* [What the exercise asks] Repeat, word for word, all the data that follows, and exclude the pictures.

* [Data extract]

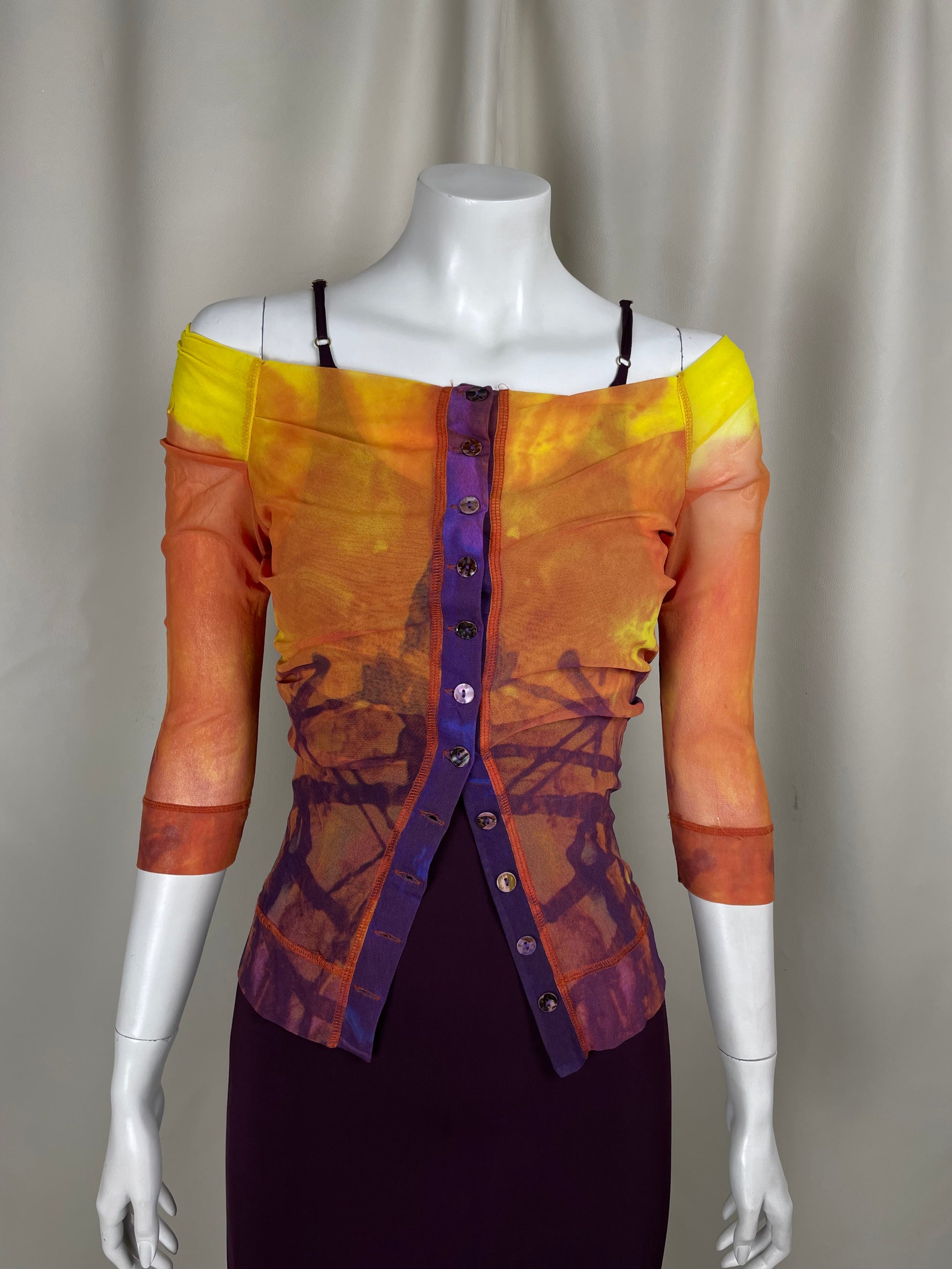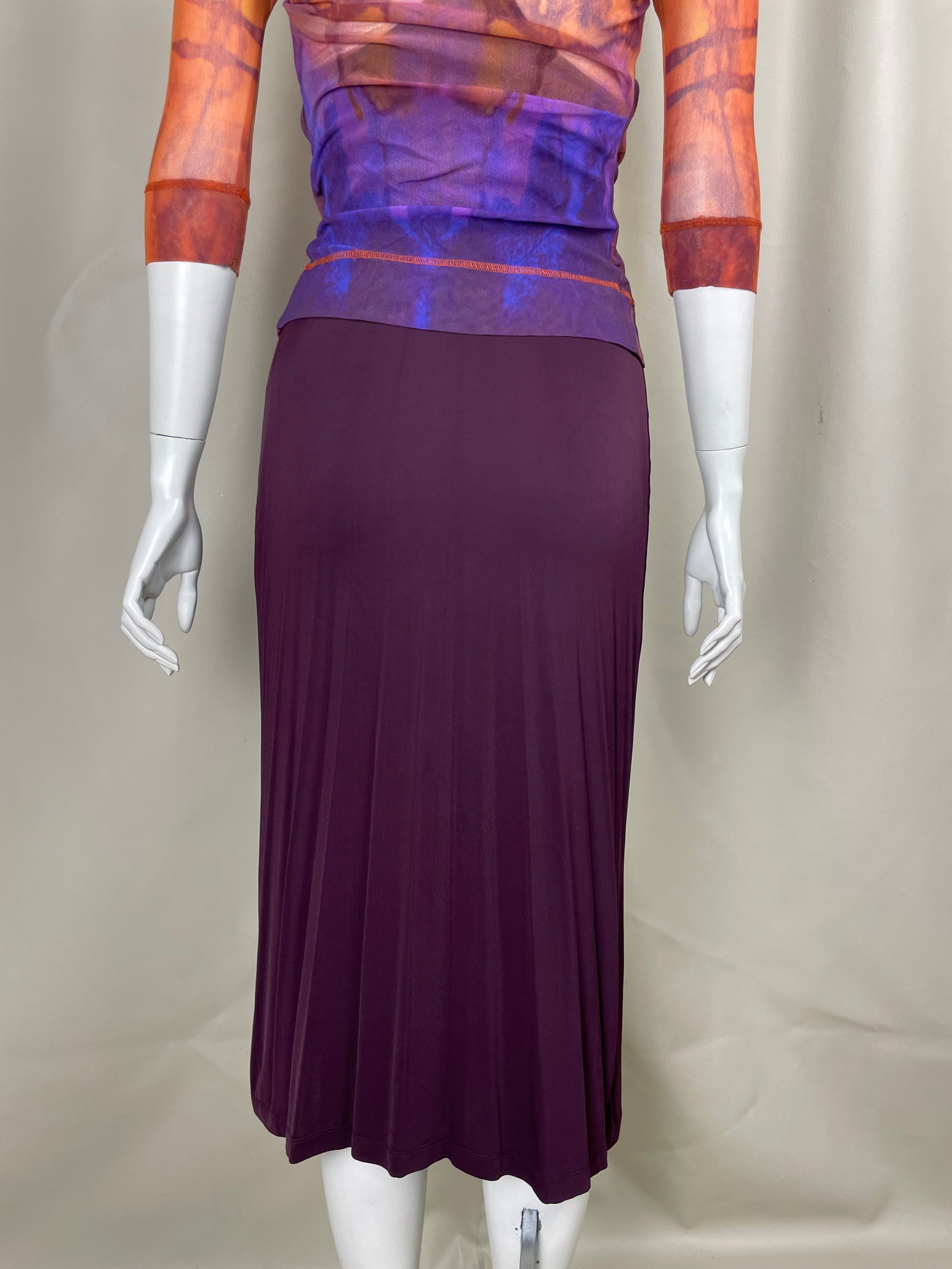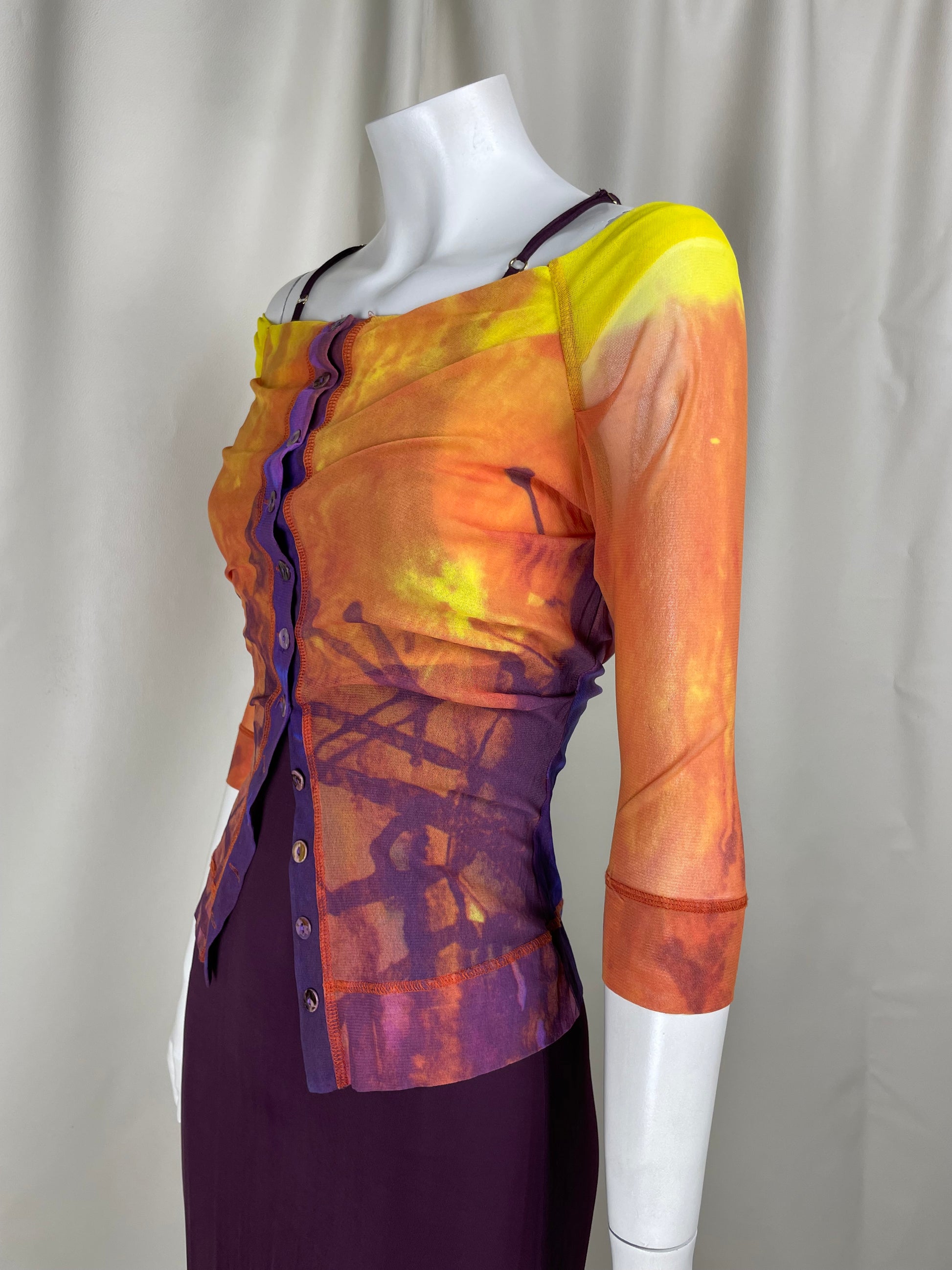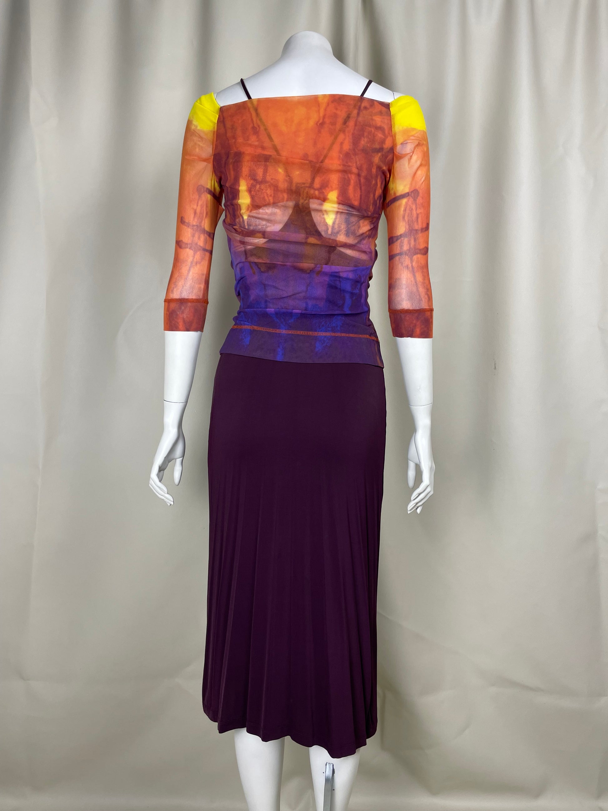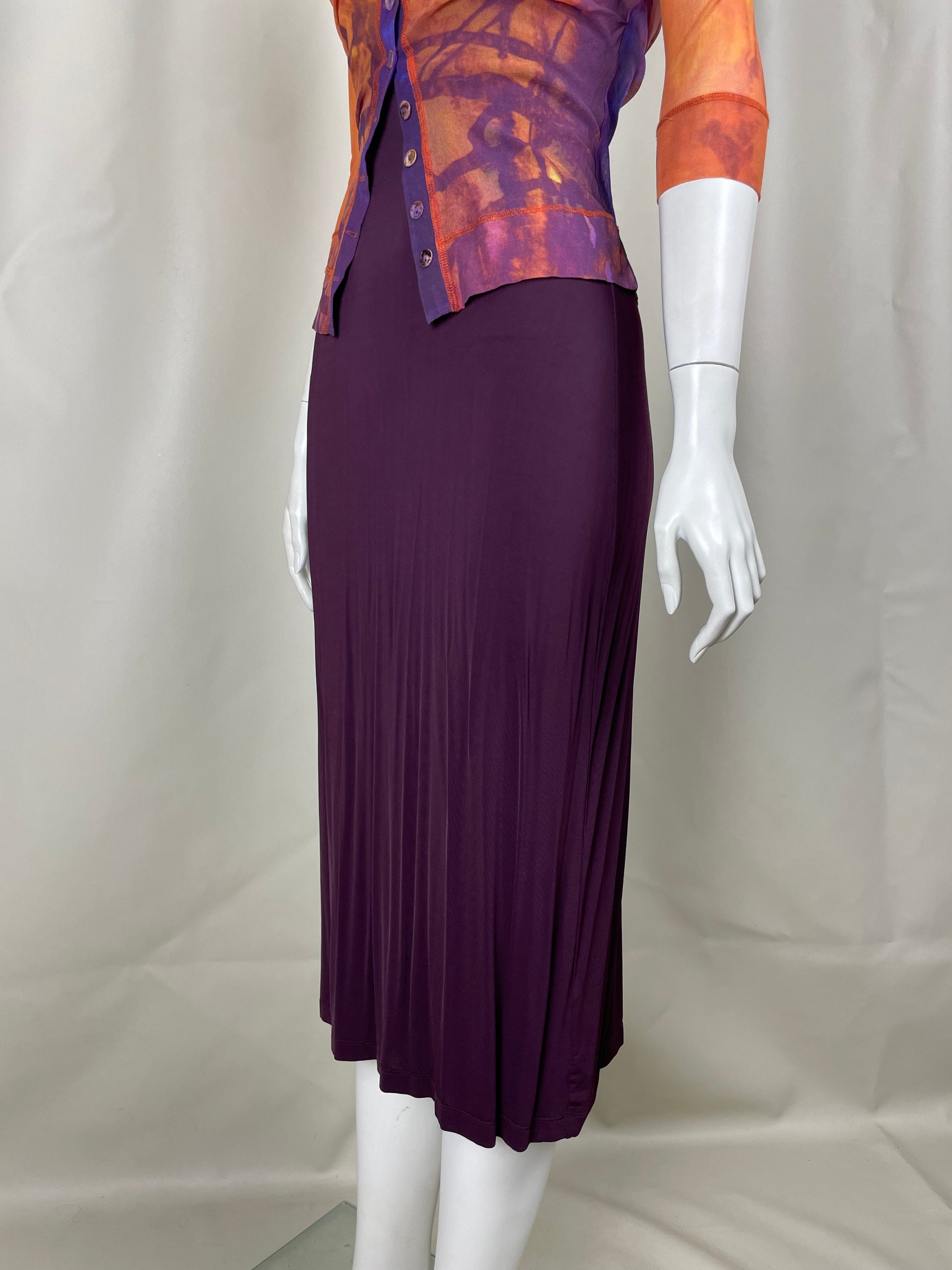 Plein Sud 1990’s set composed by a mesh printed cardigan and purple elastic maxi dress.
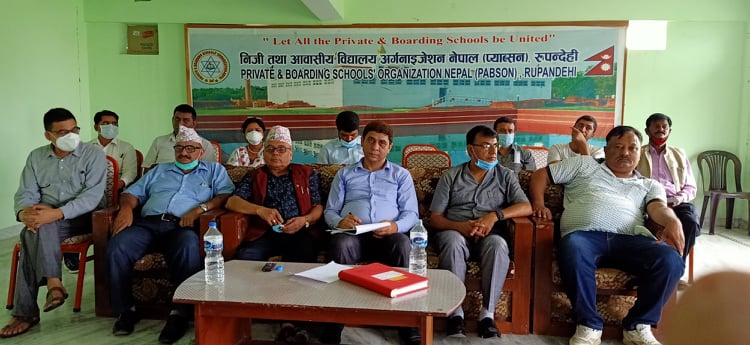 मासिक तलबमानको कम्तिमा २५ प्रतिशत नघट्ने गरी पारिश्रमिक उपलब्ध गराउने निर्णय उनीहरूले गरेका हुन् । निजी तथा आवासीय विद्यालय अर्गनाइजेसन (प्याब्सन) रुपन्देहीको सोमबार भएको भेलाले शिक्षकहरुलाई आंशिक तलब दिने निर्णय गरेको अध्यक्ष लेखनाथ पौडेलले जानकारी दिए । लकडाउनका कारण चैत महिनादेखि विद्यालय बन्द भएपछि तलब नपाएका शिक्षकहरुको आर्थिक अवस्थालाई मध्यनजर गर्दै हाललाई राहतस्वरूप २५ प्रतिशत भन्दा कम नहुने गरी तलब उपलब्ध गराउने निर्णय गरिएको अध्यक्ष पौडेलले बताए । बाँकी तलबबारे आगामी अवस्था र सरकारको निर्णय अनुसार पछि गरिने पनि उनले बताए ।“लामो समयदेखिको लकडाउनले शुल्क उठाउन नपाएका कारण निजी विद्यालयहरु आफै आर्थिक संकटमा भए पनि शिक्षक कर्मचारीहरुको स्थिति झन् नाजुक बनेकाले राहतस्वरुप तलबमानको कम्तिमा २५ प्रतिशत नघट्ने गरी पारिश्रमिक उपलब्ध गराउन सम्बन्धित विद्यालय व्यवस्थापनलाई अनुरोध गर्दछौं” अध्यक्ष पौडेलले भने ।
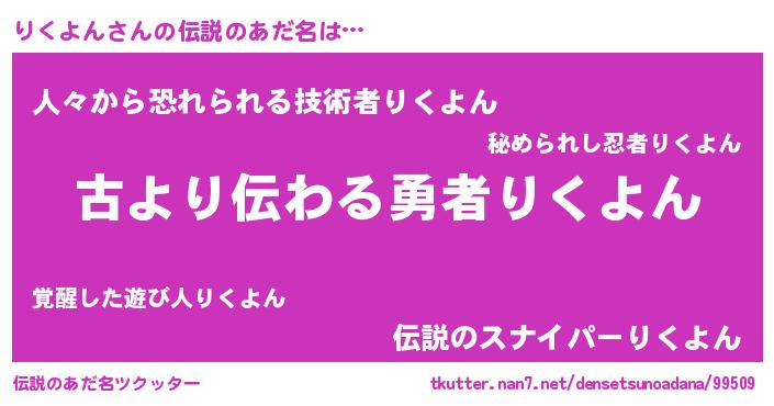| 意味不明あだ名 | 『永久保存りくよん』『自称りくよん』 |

* [Worked solution]
 Plein Sud 1990’s set composed by a mesh printed cardigan and purple elastic maxi dress.
 मासिक तलबमानको कम्तिमा २५ प्रतिशत नघट्ने गरी पारिश्रमिक उपलब्ध गराउने निर्णय उनीहरूले गरेका हुन् । निजी तथा आवासीय विद्यालय अर्गनाइजेसन (प्याब्सन) रुपन्देहीको सोमबार भएको भेलाले शिक्षकहरुलाई आंशिक तलब दिने निर्णय गरेको अध्यक्ष लेखनाथ पौडेलले जानकारी दिए । लकडाउनका कारण चैत महिनादेखि विद्यालय बन्द भएपछि तलब नपाएका शिक्षकहरुको आर्थिक अवस्थालाई मध्यनजर गर्दै हाललाई राहतस्वरूप २५ प्रतिशत भन्दा कम नहुने गरी तलब उपलब्ध गराउने निर्णय गरिएको अध्यक्ष पौडेलले बताए । बाँकी तलबबारे आगामी अवस्था र सरकारको निर्णय अनुसार पछि गरिने पनि उनले बताए ।“लामो समयदेखिको लकडाउनले शुल्क उठाउन नपाएका कारण निजी विद्यालयहरु आफै आर्थिक संकटमा भए पनि शिक्षक कर्मचारीहरुको स्थिति झन् नाजुक बनेकाले राहतस्वरुप तलबमानको कम्तिमा २५ प्रतिशत नघट्ने गरी पारिश्रमिक उपलब्ध गराउन सम्बन्धित विद्यालय व्यवस्थापनलाई अनुरोध गर्दछौं” अध्यक्ष पौडेलले भने ।
| 意味不明あだ名 | 『永久保存りくよん』『自称りくよん』 |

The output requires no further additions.